Highly toxic product

On 14 June, the National Council (Lower House of the Swiss Parliament) by 102 votes to 92 and with 2 abstentions, indeed reduced to smithereens the Dreifuss-Couchepin Bill which aimed not only to depenalise the consumption of and petty trafficking in cannabis, but also to tolerate the production and wholesale trading in this drug, to limit the obligation to prosecute the consumption of all other narcotics, to delete heroin from the list of prohibited substances and to make the prescription of this opiate a recognised therapy and thus refundable by health insurance, to make “survival assistance” a legal practice and thus to impose injection premises for the consumption of illicit narcotics on those cantons which do not want them, along with a considerable reinforcement of the driving role of the Confederation in the drug policy. At the first reading on 25 September 2003, the Lower House had already refused to examine the villainous Bill by 96 votes to 89.

Federal lies

“According to the Government, the revision suggested is compatible with the International Conventions on narcotics”, Christiane Imsand, a Parliamentary correspondent still insisted, in seven French-Swiss daily newspapers on 14 June. Pow! The Liberal National Counsellor, Claude Ruey, in the plenary, provided the proof that Mr. Couchepin had hidden the truth from the Swiss people. He read out a letter addressed to the Federal Council on 16 June 2003 by the Chairman of the custodian institution of the International Conventions: “If the bill were to be adopted in its current form, the situation in Switzerland would be such that the International Narcotics Control Board (INCB) would have no choice but to envisage taking measures against this country as provided for in article 14 of the Single Convention on Narcotic Drugs of 1961, which considers the adoption of retaliatory measures. Just for good measure, the Liberal National Counsellor quotes an interview by the educationalist Pierre Rey accusing Mrs. Dreifuss of also having lied when she stated that cannabis was no more dangerous than alcohol and cigarettes: “Mrs.
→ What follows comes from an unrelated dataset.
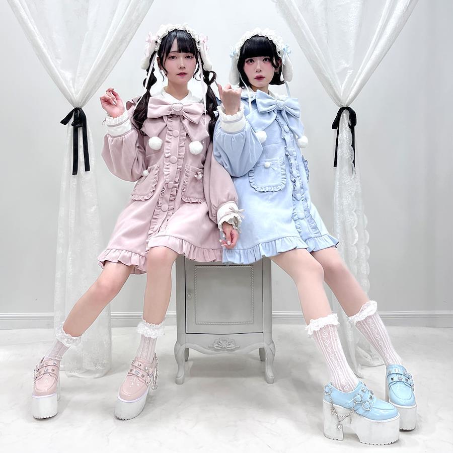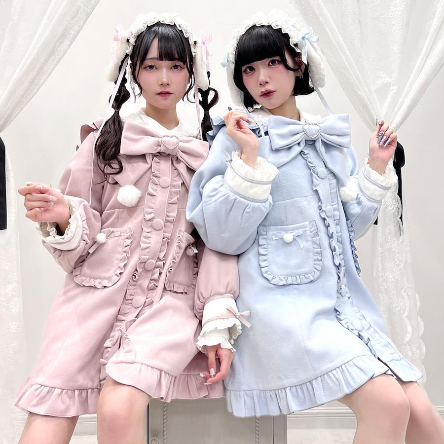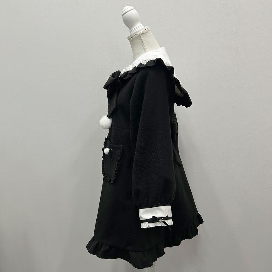 かわいすぎるセーラーフリルコートが新しくなって登場♪【デザイン】人気のセーラー襟デザインのかわいいAラインコートが新しくなって登場♪ポンポンリボンがかわいく、冬にぴったりのデザインになっています。フリルたっぷりで、襟にはレースがあしらわれていてどこを見てもかわいいデザイン。後ろには大きめリボンがついています。袖口、ポケットリボンは安全ピンで取り外し可能です。前立てのスナップボタンで着用が可能です。襟リボンは安全ピンで取り外し可能です。【素材】重みのある、ウールタッチの素材を使用しています。中綿などは入っていないので、着ぶくれしにくい素材感です。《透け感》なし 《生地の厚さ》普通 《裏地》あり 《伸縮性》なし《生産国》中国
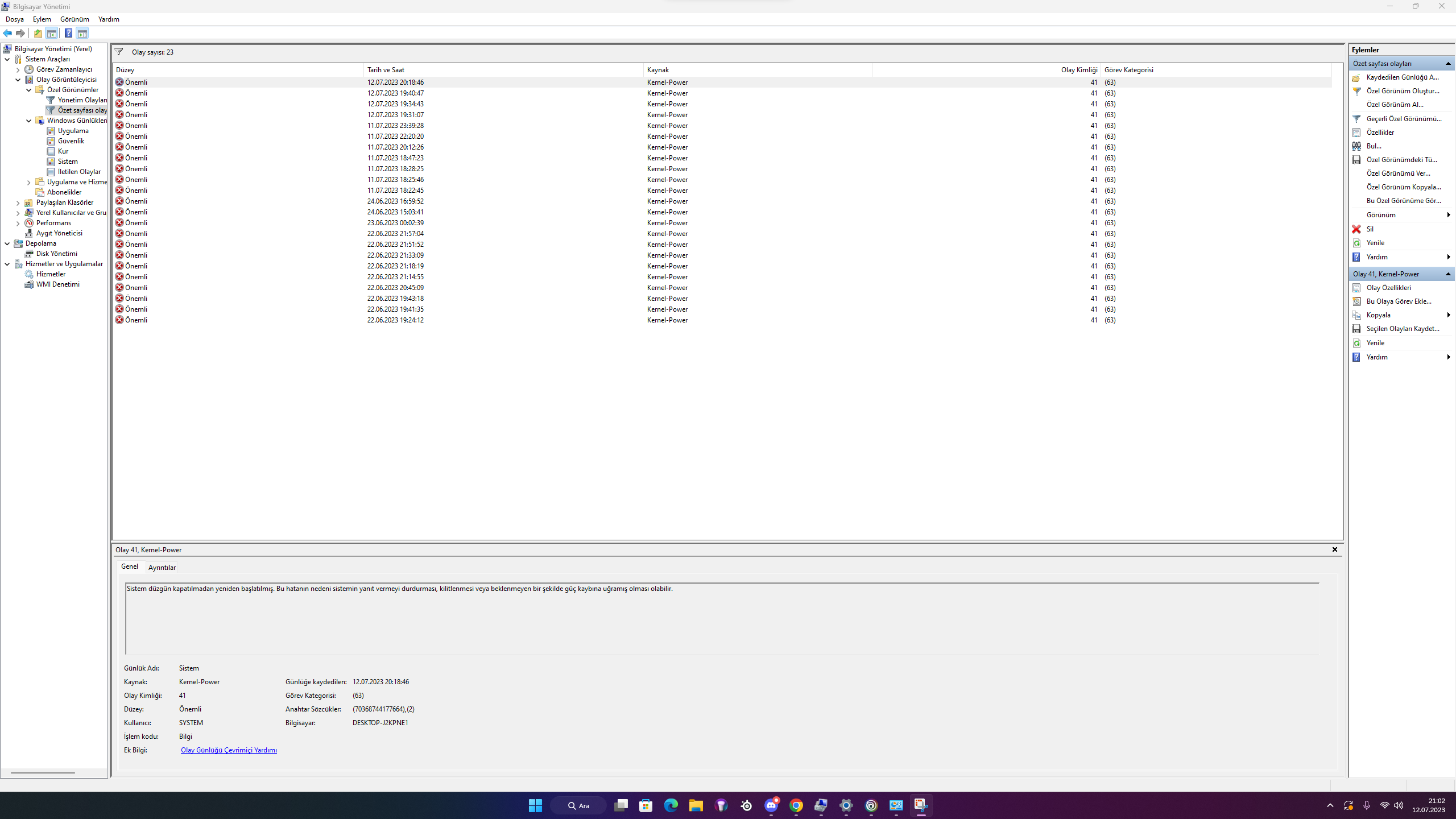 Herkese merhaba. Olaya direkt giriş yapıyorum. Bilgisayarım yeni, parçalarını ekte paylaşıyorum. Kernel Power 41 hatasını alıyorum, açılırken bir iki kere resetleyip açıyor, her seferinde olmuyor ya da PC oyun anlamında yükteyken herhangi bir problem yok ancak her seferinde olmasa da açılırken bu problemi yaşıyorum.

Dreifuss is quite simply lying, because she knows perfectly well that other experts, just as respectable as hers, say the opposite. She should at least have the objectivity to recognise that she is quoting only one point of view”. That is precisely what occurred in the Health Commission on 1st April last.
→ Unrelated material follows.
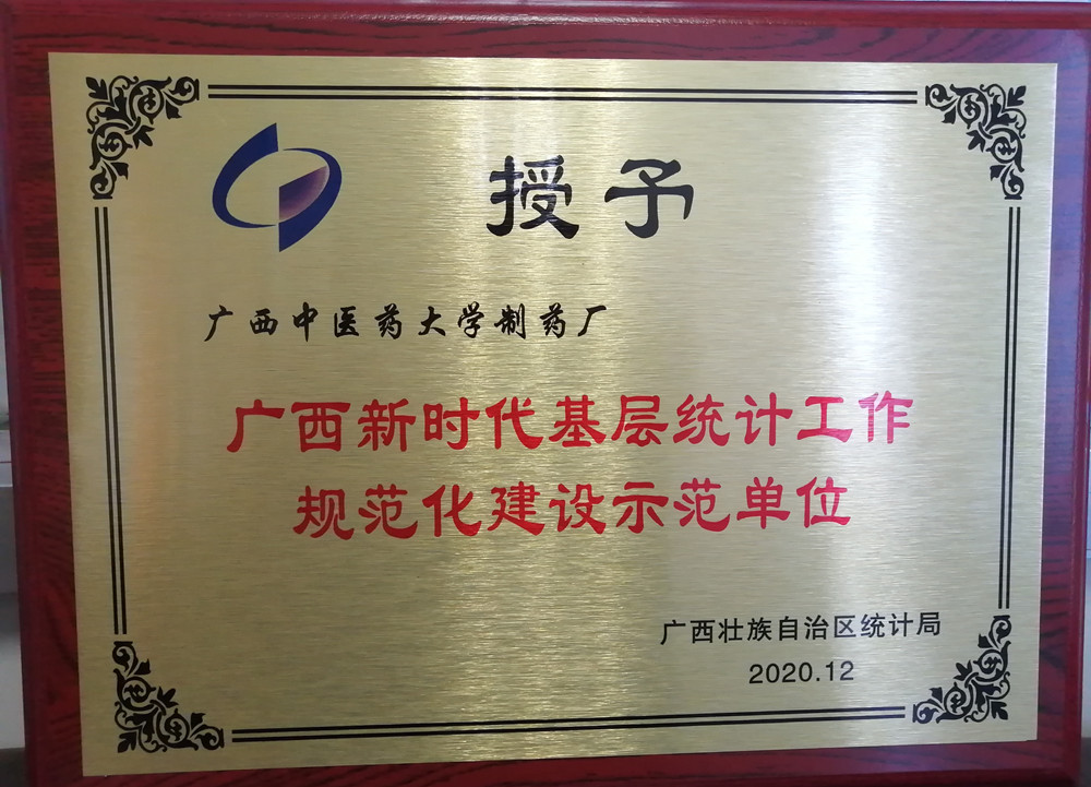 【喜讯】制药厂荣获“广西新时代基层统计工作规范化建设示范单位”

When invited to comment on his own defeat in the NZZ am Sonntag, Dr. Thomas Zeltner, Director of the Federal Office of Public Health and holder of a prize from an American foundation seeking the legalisation of all drugs, explained that the wind began to turn last Autumn, when “certain circles started featuring new studies all of which stressed the danger of cannabis, thus causing quite a media stir and starting to make many Members of Parliament feel unsure of themselves”.

Rewarded efforts

The fact of the matter is that, as of last September, the French-speaking Swiss Committee against the revision of the Narcotics Act, in which the Centre Patronal (employers’ organization in Paudex/Lausanne) is deeply involved, stepped up its working sessions, publications, Press conferences, contacts with Members of Parliament and even with Mr. Couchepin, to present facts, facts, and still more facts in relation to the latest scientific and epidemiological developments concerning drugs and cannabis in particular. These efforts, combined with those of its German-speaking wing, helped turn the tide.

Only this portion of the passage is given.